Porous NiO Nanosheet Bifunctional Electrodes Modified with Ultrafine Ni₃S₂ Quantum Dots for Green Hydrogen Production via Urea Electrolysis

Abstract

Electrolysis of urea can simultaneously produce molecular hydrogen and alleviate the environmental problems caused by urea-rich wastewater effluents. Therefore, it is of great significance to develop low-cost, highly active, and resistant electrodes and electrocatalysts to achieve high-efficiency urea electrolysis processes. In this study, porous NiO nanosheets (NiO/Ni3S2/NF) decorated with Ni3S2 quantum dots were prepared on the surface of nickel foam (NF) via the Kirkendall effect by the gas-phase vulcanization reaction. The obtained NiO/Ni3S2/NF exhibits good electrocatalytic activity and stability toward the urea oxidation reaction (UOR) and hydrogen evolution reaction (HER).
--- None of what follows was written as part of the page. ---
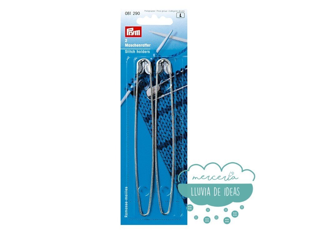 Guardapuntos o aguja imperdible plateados. Se emplean para guardar los puntos de la labor ya tejidos y dejarlos en espera con el fin de unir las diferentes piezas más tarde.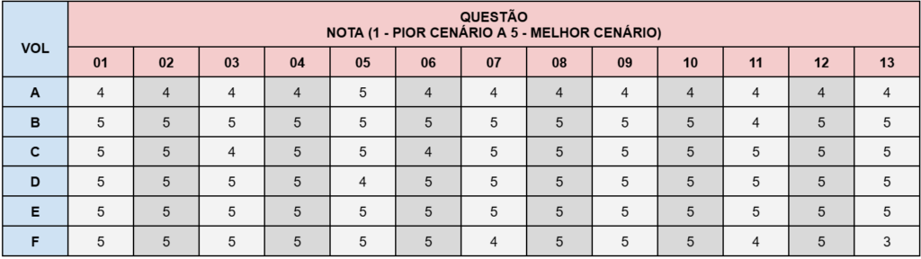 Legenda: VOL (Voluntário), as Questões são descritas no Quadro 3.

An electrolyzer containing NiO/Ni3S2/NF||NiO/Ni3S2/NF on both the anode and cathode, immersed in an alkaline aqueous solution containing urea, is assembled, and only a cell voltage of 1.408 V is required to reach a current density of 10 mA cm–2, a value which is much lower than that for an electrolyzer made of RuO2/NF||Pt/C/NF (1.490 V). It is found that the superior catalytic performance of NiO/Ni3S2/NF is mainly attributed to the uniform pore structure on NiO nanosheets and the synergistic effect between Ni3S2 quantum dots and NiO nanosheets. This study provides a method to simultaneously construct the porous structure and heterostructure through gas-phase reactions.